La grande accélération de l'action climat… et des émissions
De cet état des lieux tous azimuts, l'association retire dix grands enseignements :
• si la baisse historique des émissions due au covid a presque été effacée par la reprise en 2021, ce rebond masque des profils régionaux très disparates. À la baisse lente mais structurelle des émissions en Europe et en Amérique (du Nord et latine), s'oppose une forte reprise dans les grands pays émetteurs asiatiques, alors que la "croissance galopante" des émissions en Afrique et au Moyen-Orient a, elle, été "stoppée nette" par la pandémie ;
• l'adoption des énergies renouvelables et de la mobilité bas carbone s'accélère dans les "grandes économies". La tendance reste toutefois à l'accumulation des énergies (fossiles et bas carbone), et non à une substitution nette ;
• l'électrification des usages et la décarbonation du mix électrique sont désynchronisées. 61% de l’électricité mondiale est toujours produite à partir d’énergie fossiles ;
• la demande en biens et services bas carbone dépasse la capacité d’adaptation des chaînes d’approvisionnement de l’économie mondiale. Exemple typique, la pénurie de vélos. L'association relève qu'aux contraintes structurelles se sont ajoutées les difficultés conjoncturelles liées au covid (désorganisation du fret maritime, entraînant une explosion du taux de fret, etc.). "Trop lentes pour le climat, les transitions régionales vont trop vite pour les chaînes d’approvisionnement" ;
• la "neutralité carbone" intègre les stratégies de relance et de croissance des grandes entreprises. 417 des 2.000 plus grandes entreprises mondiales ont ainsi adopté un tel objectif ;
• les ruptures d’approvisionnement et les engagements à la neutralité carbone poussent les entreprises à la concentration et à l’intégration verticale des filières. "Les grandes villes, les grandes entreprises dictent la demande", assure Antoine Gillod, coordinateur de l'observatoire de l'action climat non-étatique. Ce qui favorise un "marché de gros" guère favorable aux entreprises municipales et aux coopératives citoyennes. Mais l'expert relève que "les capacités financières dégagées par les acteurs historiques des énergies fossiles permettent aujourd'hui l'essor des activités décarbonées. Les grandes entreprises qui ont fait le XXe siècle dans le domaine de l’énergie sont celles qui assurent aujourd’hui les investissements de la transition" ;
• les technologies de rupture gagnent en crédibilité pour les secteurs qui ne parviennent pas à se décarboner.

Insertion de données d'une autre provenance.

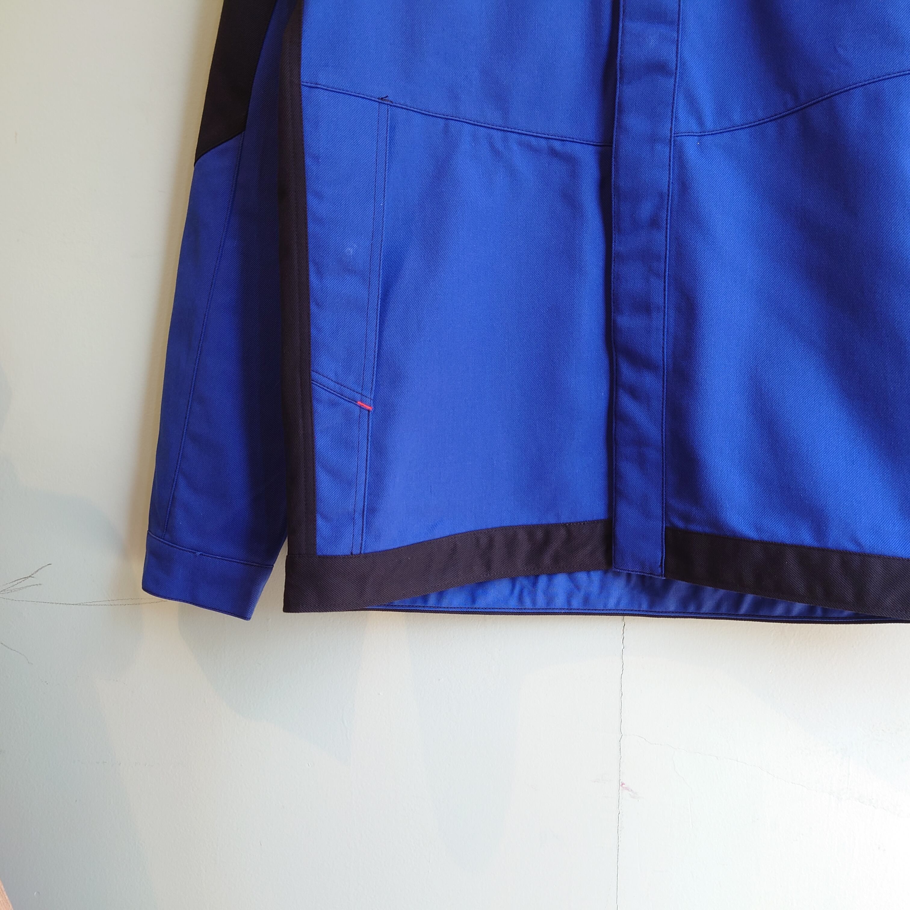 ★ユーロ系、バイカラーと刺繍がかわいいワークジャケット。ロゴはフランスの電力会社のもの。不燃素材、スナップボタン、ポケットや襟のディテールが面白い。USAアイテムにはないデザインが楽しめる一枚。

Antoine Gillod pointe néanmoins les progrès qui restent à accomplir : si l'hydrogène bénéficie d'une forte hausse des engagements et des investissements, il reste encore très dépendant d’activités émissives ; le regain d'intérêt pour la capture du carbone ne doit pas masquer les difficultés pour atteindre sa séquestration ;
• entre investissements verts et bruns, les États orientent la reprise d’une manière ambiguë. Ainsi, sur les 700 milliards de dollars que les pays du G20 se sont engagés à investir pour la relance, 37% viseraient des secteurs bas carbone et 40% des secteurs émetteurs ;
• souvent moteurs de l’accélération de l’action climat, les gouvernements locaux adaptent le tempo de la transition aux besoins et capacités de leurs territoires. L'association relève ainsi que les "gouvernements sub-nationaux peuvent également freiner la transition lorsqu'elle menace les intérêts économiques de leurs territoires" ;
• avec l’activisme actionnarial, la société civile élargit son répertoire d’action, par ailleurs marqué par une judiciarisation croissante de l’action climat – plus de 1.500 contentieux en cours relevés en juillet 2020, dont 1.200 aux USA… et 55 dans l'Union européenne.